**Description of the task:** An exact copy of the lines from the top of the data through the line with "五月15日漢堡港口坐船及嚇屎" is what you should give, with no pictures in it.

(Data entries)
====
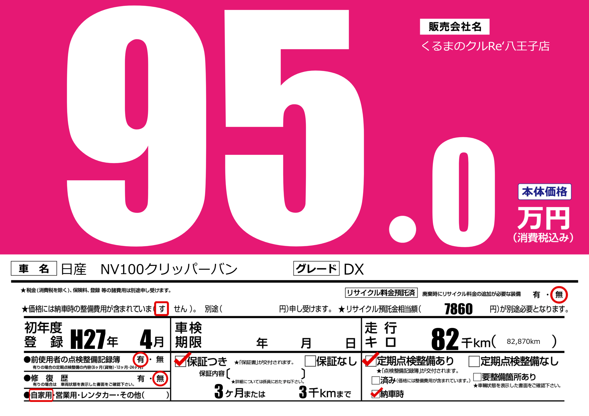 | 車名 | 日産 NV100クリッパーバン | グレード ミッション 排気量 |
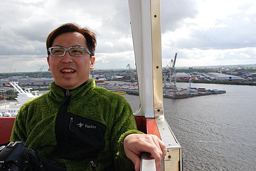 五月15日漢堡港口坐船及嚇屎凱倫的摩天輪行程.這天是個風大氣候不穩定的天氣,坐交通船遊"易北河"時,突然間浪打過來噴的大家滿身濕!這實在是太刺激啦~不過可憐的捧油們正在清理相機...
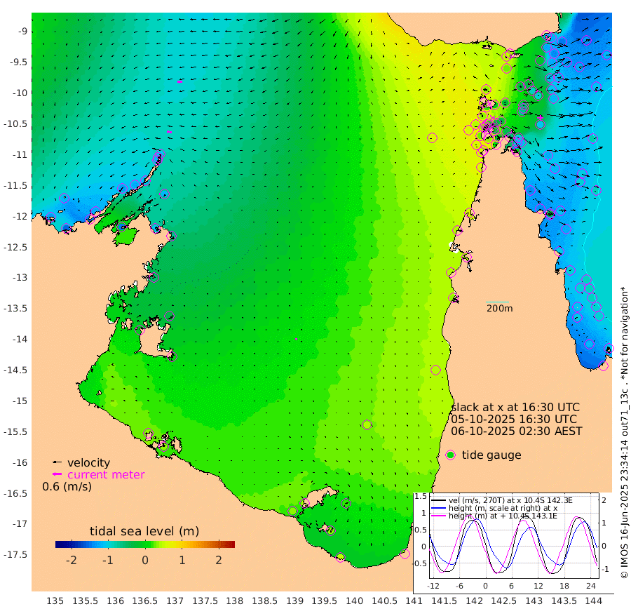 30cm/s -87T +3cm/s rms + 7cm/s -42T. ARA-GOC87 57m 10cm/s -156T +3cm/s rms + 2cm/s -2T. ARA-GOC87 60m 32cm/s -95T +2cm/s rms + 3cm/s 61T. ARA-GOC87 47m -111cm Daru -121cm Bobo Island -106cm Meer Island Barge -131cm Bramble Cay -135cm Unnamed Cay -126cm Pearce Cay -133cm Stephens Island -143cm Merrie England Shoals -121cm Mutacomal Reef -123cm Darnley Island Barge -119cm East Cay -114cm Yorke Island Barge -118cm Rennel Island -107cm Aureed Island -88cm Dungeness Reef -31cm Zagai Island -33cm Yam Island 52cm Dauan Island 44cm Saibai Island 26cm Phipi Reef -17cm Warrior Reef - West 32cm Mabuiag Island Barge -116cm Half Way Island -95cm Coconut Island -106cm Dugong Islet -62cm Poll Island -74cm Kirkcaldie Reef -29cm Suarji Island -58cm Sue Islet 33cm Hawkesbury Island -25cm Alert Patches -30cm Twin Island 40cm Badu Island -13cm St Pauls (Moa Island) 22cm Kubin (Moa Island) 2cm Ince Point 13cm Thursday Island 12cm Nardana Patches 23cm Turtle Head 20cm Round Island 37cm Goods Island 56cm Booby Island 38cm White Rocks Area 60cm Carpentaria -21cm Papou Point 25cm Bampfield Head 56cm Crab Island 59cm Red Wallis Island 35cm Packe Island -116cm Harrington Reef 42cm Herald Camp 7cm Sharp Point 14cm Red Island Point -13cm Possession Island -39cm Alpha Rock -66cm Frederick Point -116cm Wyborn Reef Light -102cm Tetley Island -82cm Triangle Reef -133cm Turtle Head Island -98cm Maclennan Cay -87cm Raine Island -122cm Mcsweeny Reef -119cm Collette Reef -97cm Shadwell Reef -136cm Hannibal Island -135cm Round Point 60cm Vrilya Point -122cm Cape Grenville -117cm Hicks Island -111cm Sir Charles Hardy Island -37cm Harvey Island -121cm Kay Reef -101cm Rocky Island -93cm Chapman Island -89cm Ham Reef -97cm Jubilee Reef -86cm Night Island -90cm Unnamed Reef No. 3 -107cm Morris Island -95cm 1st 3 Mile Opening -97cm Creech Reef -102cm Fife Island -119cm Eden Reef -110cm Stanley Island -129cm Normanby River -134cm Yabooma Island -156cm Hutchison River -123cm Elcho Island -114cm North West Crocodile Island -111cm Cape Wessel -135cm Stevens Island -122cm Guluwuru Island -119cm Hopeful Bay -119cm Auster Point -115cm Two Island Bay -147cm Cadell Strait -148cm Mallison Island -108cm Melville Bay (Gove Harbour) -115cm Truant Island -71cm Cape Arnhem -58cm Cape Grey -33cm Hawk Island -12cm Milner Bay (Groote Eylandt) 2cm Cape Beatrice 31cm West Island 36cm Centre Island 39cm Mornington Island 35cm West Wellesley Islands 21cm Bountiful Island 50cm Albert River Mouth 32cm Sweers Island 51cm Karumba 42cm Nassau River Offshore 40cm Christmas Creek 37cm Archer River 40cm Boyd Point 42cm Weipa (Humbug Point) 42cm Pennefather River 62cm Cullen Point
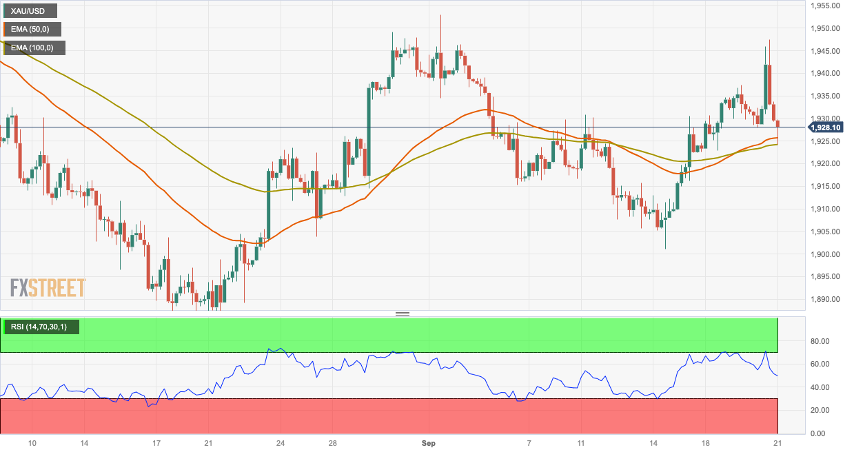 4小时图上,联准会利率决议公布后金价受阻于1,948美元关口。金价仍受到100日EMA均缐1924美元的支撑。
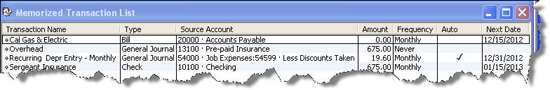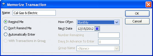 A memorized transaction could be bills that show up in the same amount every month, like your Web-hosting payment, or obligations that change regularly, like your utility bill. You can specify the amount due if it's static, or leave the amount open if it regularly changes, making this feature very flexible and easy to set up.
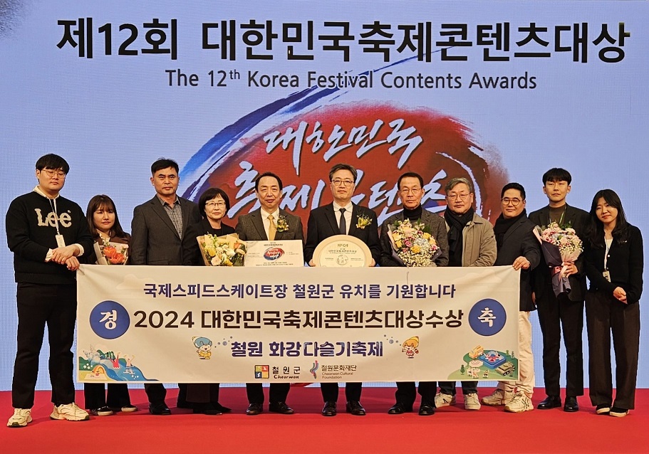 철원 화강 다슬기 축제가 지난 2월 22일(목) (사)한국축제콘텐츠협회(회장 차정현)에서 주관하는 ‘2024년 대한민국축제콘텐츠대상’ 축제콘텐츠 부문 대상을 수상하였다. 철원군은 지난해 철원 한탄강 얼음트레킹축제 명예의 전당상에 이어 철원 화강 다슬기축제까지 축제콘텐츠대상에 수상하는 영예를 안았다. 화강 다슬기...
====
**Your solution:**
 | 車名 | 日産 NV100クリッパーバン | グレード ミッション 排気量 |
 五月15日漢堡港口坐船及嚇屎凱倫的摩天輪行程.這天是個風大氣候不穩定的天氣,坐交通船遊"易北河"時,突然間浪打過來噴的大家滿身濕!這實在是太刺激啦~不過可憐的捧油們正在清理相機...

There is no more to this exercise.